## Goal of the exercise
If pictures appear in the lines below, skip them and copy exactly the lines from the one containing "年 7 月為進一步的貫徹落實該項指導(dǎo)意見,發(fā)改委等四部門發(fā)布" through the one containing "This scavenger hunt", and nothing else.

Dataset entries section start

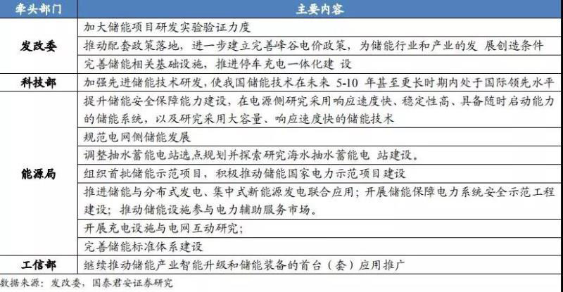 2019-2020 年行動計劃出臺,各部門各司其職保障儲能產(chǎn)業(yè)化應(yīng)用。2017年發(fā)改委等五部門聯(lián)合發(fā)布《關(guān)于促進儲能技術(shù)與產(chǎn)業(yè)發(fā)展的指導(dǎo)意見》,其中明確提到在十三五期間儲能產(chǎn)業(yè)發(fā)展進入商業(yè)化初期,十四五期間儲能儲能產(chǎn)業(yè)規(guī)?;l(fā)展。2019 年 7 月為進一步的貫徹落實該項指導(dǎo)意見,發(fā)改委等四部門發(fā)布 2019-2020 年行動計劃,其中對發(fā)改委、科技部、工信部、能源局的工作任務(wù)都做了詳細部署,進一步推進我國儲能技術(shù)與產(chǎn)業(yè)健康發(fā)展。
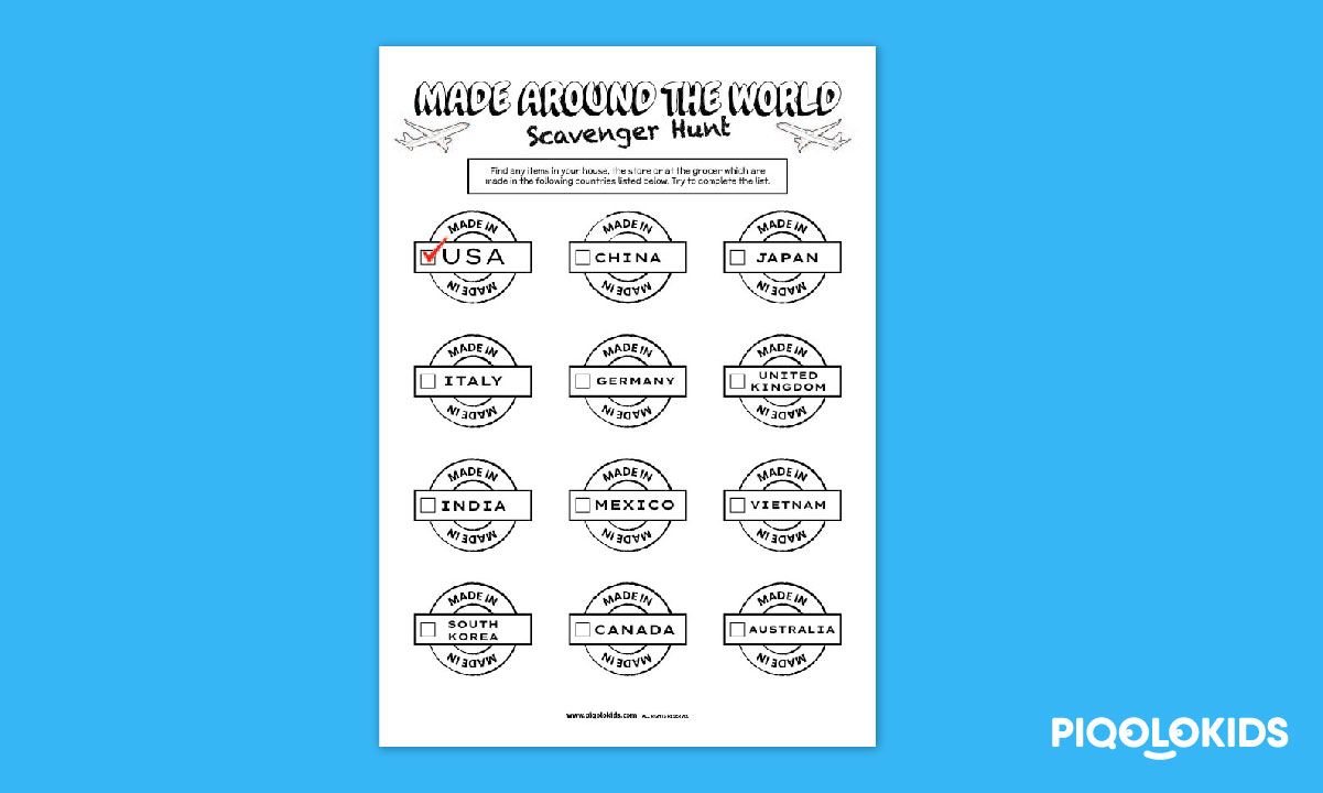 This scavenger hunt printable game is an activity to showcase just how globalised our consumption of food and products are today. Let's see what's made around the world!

Dataset entries section end
Dataset entries section start

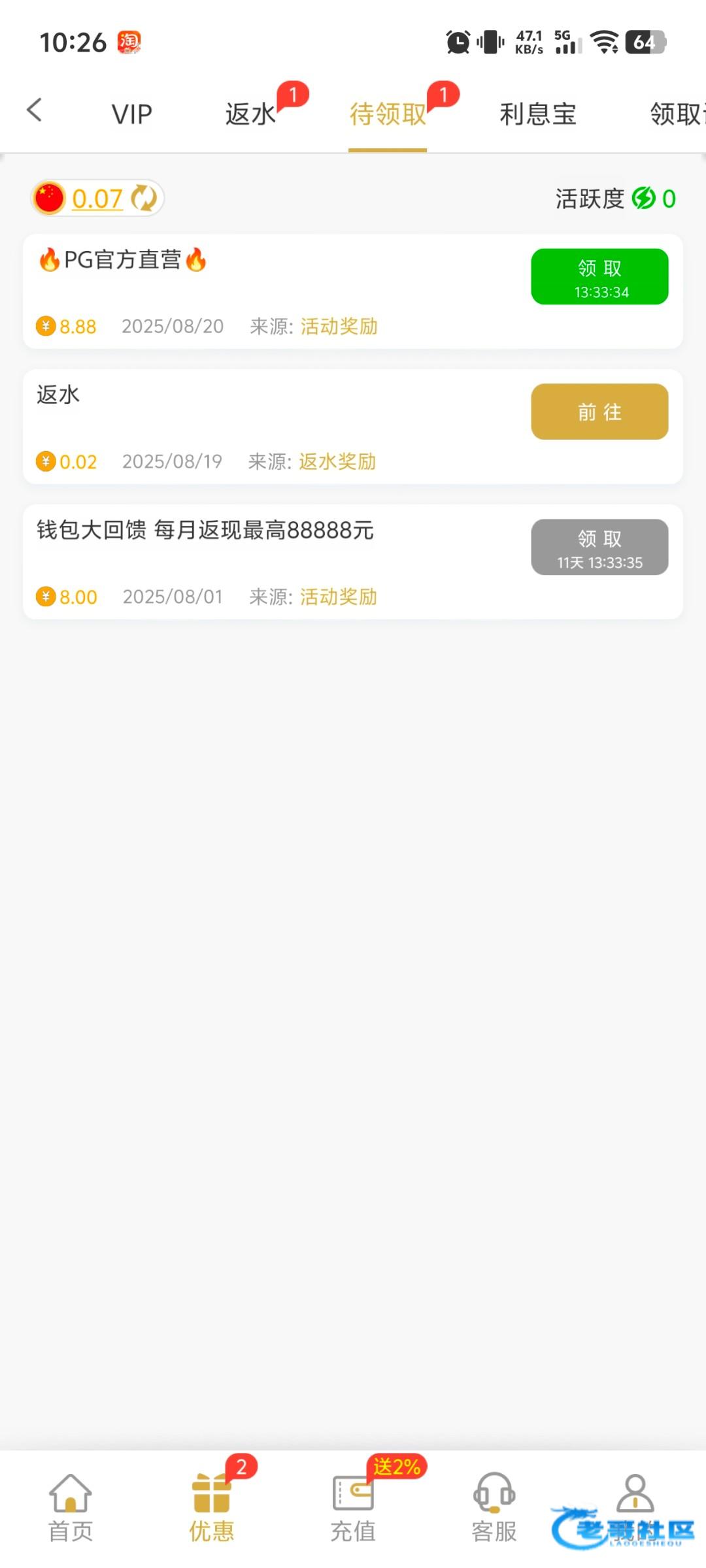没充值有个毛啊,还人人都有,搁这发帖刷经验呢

Dataset entries section end

## Answer to the problem
 2019-2020 年行動計劃出臺,各部門各司其職保障儲能產(chǎn)業(yè)化應(yīng)用。2017年發(fā)改委等五部門聯(lián)合發(fā)布《關(guān)于促進儲能技術(shù)與產(chǎn)業(yè)發(fā)展的指導(dǎo)意見》,其中明確提到在十三五期間儲能產(chǎn)業(yè)發(fā)展進入商業(yè)化初期,十四五期間儲能儲能產(chǎn)業(yè)規(guī)?;l(fā)展。2019 年 7 月為進一步的貫徹落實該項指導(dǎo)意見,發(fā)改委等四部門發(fā)布 2019-2020 年行動計劃,其中對發(fā)改委、科技部、工信部、能源局的工作任務(wù)都做了詳細部署,進一步推進我國儲能技術(shù)與產(chǎn)業(yè)健康發(fā)展。
 This scavenger hunt printable game is an activity to showcase just how globalised our consumption of food and products are today. Let's see what's made around the world!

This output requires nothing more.